Exercise aim
There are pictures in the records below; leave them out and set down exactly the lines from the one holding "infographics number options" through the one holding "Catrina Mandala Sombrero".

Record excerpts
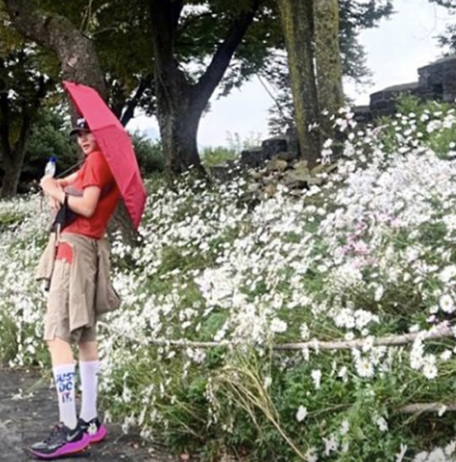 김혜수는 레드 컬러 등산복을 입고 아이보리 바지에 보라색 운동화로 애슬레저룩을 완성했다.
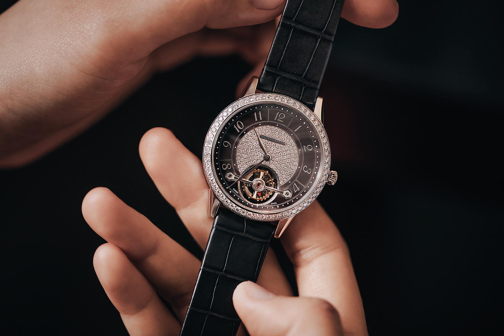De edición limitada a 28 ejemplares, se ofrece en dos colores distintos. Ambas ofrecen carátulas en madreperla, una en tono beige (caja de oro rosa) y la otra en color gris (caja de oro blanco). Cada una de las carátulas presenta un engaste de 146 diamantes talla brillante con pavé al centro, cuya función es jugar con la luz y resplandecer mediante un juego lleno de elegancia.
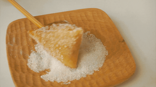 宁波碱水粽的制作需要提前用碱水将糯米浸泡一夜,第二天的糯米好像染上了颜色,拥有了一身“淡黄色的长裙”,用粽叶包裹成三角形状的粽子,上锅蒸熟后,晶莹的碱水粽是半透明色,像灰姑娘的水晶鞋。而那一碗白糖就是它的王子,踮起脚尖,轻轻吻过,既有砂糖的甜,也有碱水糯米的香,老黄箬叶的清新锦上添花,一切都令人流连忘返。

---

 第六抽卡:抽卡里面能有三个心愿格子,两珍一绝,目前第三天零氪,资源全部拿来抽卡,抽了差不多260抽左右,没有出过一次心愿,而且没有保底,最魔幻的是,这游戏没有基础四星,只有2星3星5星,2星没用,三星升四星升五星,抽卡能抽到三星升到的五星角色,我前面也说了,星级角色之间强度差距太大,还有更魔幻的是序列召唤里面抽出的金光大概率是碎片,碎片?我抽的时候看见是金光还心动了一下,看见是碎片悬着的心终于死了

==

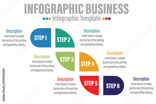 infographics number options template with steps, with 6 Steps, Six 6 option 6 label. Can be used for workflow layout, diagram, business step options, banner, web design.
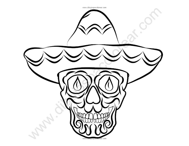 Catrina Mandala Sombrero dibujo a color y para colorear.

Written answer
 infographics number options template with steps, with 6 Steps, Six 6 option 6 label. Can be used for workflow layout, diagram, business step options, banner, web design.
 Catrina Mandala Sombrero dibujo a color y para colorear.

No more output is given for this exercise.